I found the following images on the internet that might help me illustrate these principles the next time I teach this book. (I previously talked about how I use this book to teach about white privilege here.)

From the comic strip xkcd on “pep rallies” (click to see original size):


This is a t-shirt you can buy at the Onion online store:


4 Comments leave one →
  1. May 26, 2009 1:45 am

    I don’t really see stuff like this as a big deal. I mean, people should not be taught that it is cool to trample on all out-group folks. But at the same time, the natural in-group bias… I think is more productive than it is harmful. The important thing seems to me to be to ensure everyone is part of an in-group, and that all in-groups are provided a minimum degree of resources to manage.

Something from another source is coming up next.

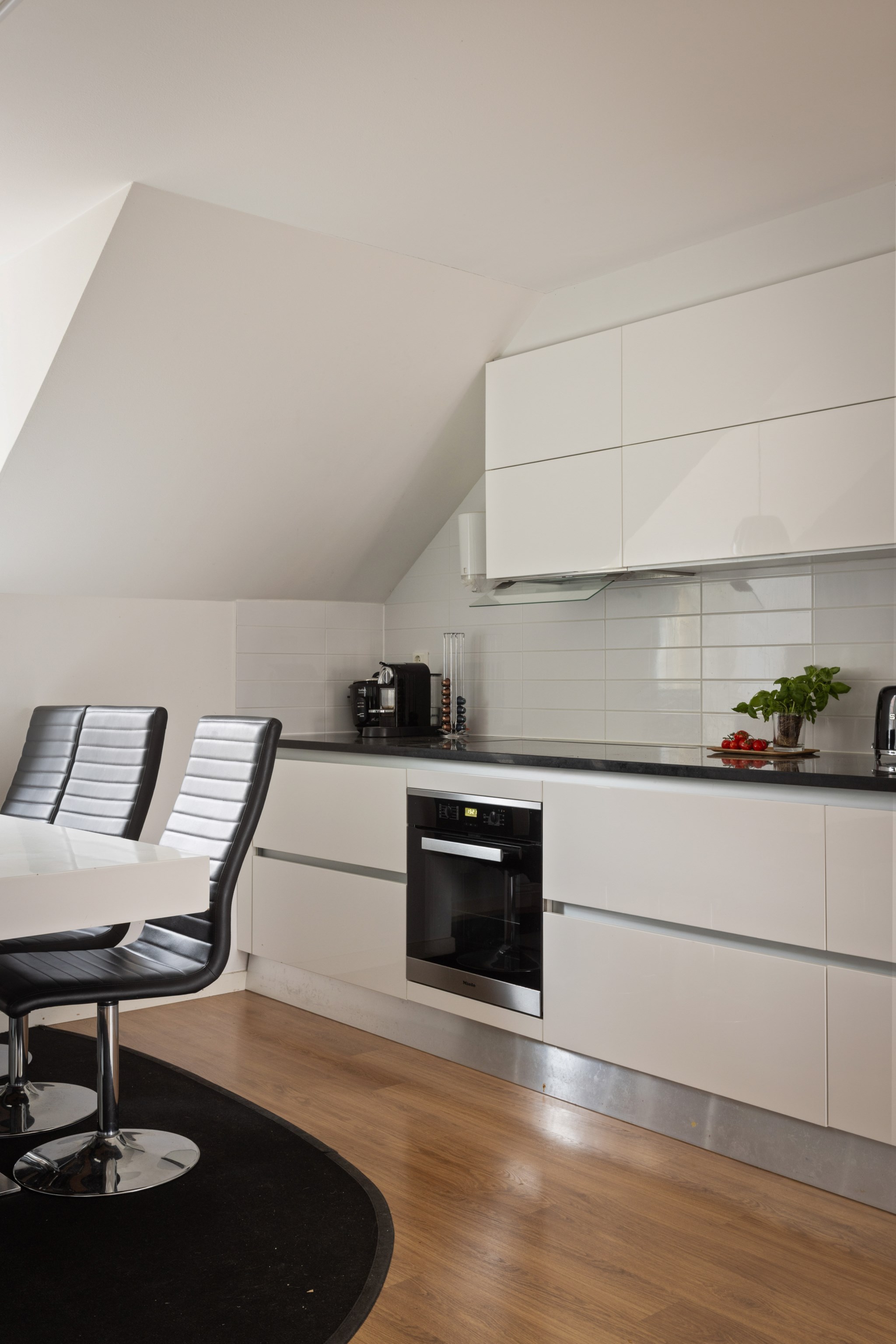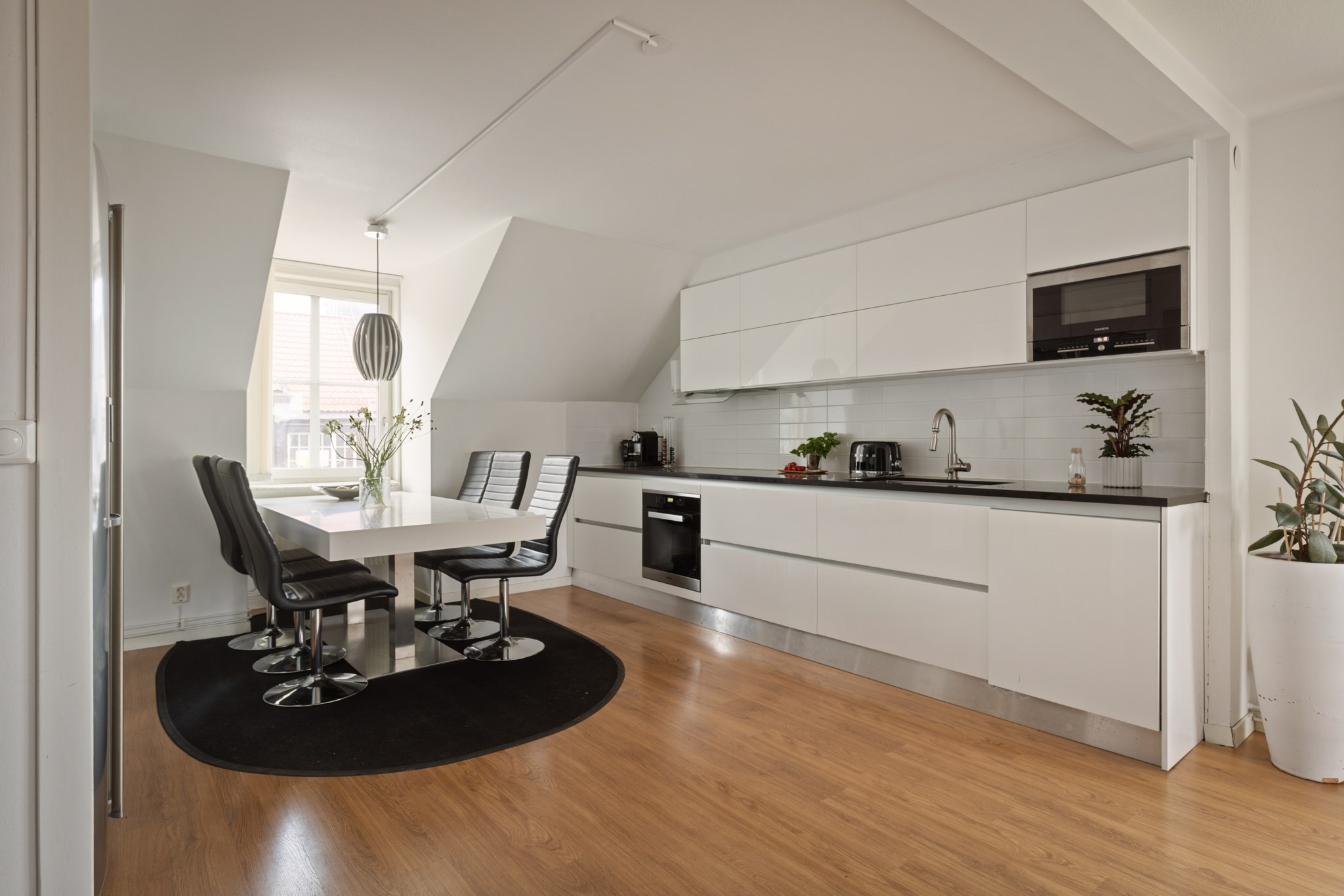 Köket har en välplanerad disposition med gott om plats för ett större matbord för 6–8 personer intill fönstret. Generösa arbetsytor och god förvaring gör rummet både praktiskt och inbjudande. Köket i ett stilrent och välhållet skick, fullt utrustat med diskho, diskmaskin, ugn, spis, kyl och frys. De vinklade taken framhäver den karaktäristiska vindskänslan och samspelar väl med bostadens stil.

  2. missivesfrommarx permalink*
    May 26, 2009 11:51 am

    Sophia, I see having group identities as a condition of possibility for making society function—in that sense identities are enabling. However, I don’t think that we have a world where the resources available to each group are equal (and it doesn’t seem to be heading that way, either). I would allege that the gap between groups is increasing because of this in-group bias.

  3. May 26, 2009 1:28 pm

    Well it seems to me, aiming to distribute resources better is likely to be a more productive approach than aiming to change group loyalty.